I second/third the microphonic tube assessment as well.
Combo amps are particularly subjected to LOTS of shaking, rattling, and banging around! This is hard on the amps internal parts and the tubes. When you are playing at performance level, the chassis is vibrating like crazy and the tubes vibrate too. The rattling ( rice shaker ) sound you are hearing is likely a tube having its guts shaken, and you can generally sus out a microphonic tube by tapping it with an implement of some sort while the amp is on. If you can hear the tink, or the subsequent disruption of the tube's internals when you tap it, the tube is microphonic.
As to the low volume, it is possibly a bad phase inverter tube, but any tube that is directly in circuit that has drifted in performance can also cause low output. V1 isn't always my first suspect if the volume is low because you would then also notice a lack of distortion from the preamp. I.E. you have to crank the gain up a lot to get any real distortion. Since each gain stage will buffer the last one at the very least, the most common low volume problem is from the PI tube not driving the power tubes hot enough. It may also just be that the power tubes are worn out, or the bias has drifted low ( A high probability with Factory amp setup and older tubes ).

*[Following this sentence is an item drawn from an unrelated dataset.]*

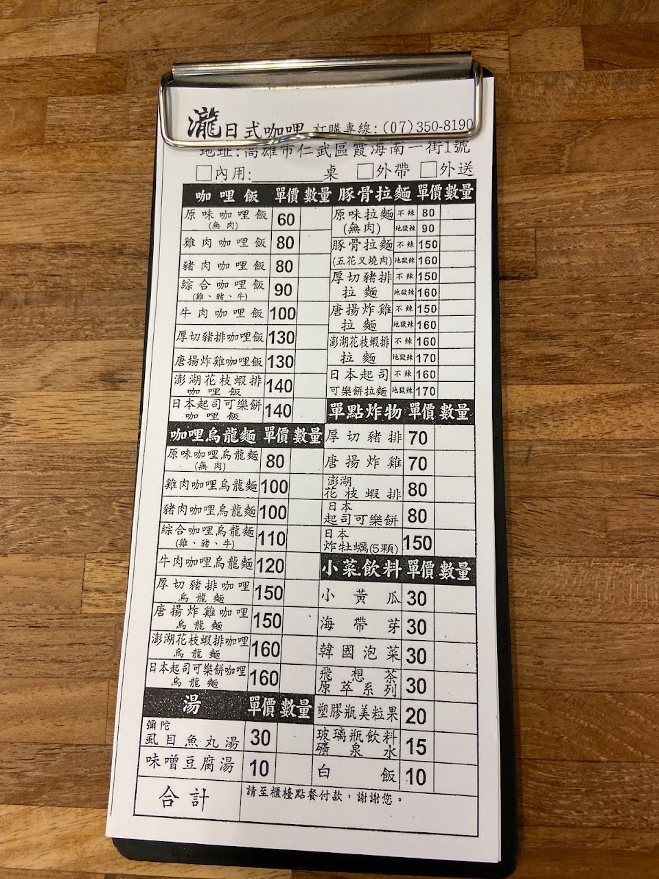 2024最新在地推薦餐廳的菜單_瀧日式咖哩的菜單、圖片

The easy way is to do some tube swapping with a known good tube or to move the tubes to different positions to see if the problem persists. If you take the PI tube and swap it with V1 for instance, you should get your volume back, but you may have lower distortion from the gain knob, for example. Or if you have a good tube, simply replace it into each position until the problem goes away. As for the power tubes and their bias, you need to know a little more about amps to figure out if they are the issue. I can look at a tube while it's working and tell you if it is biased cold or hot, and if there is an adjustment knob, I can get the bias set by ear and be within safe limits every time, but I can't explain how to do it. In my 20+ years of working with tube amps, I just sort of learned how to hear and see where the tubes want to be biased at.

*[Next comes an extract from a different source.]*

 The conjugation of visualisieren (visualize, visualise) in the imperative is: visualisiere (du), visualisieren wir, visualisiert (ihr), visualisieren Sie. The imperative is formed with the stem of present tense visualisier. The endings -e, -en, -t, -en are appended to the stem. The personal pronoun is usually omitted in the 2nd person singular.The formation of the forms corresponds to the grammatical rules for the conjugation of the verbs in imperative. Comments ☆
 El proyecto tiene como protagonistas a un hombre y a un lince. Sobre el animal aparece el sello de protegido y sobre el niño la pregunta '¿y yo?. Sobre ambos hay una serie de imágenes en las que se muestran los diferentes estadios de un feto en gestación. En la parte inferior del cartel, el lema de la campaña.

Sometimes, the FX loop, if it is in the circuit ( like in an Egnator Tweaker or Soldano SLO ), can cause low output if the contacts are bad. If the contacts are dirty enough can still pass signal, but can cause issues. This can usually be figured out by inserting a cable into the in and out of the FX loop to try and clean the contacts up a little. If this solves the issue, then of course a thorough cleaning of the contacts is in order.
I wish you the best of luck. I would start by doing some tube swapping. Keep track of what went where. Work out the problem by only doing one thing at a time, not all at once. You want to know where the problem was, not just fix it willy nilly.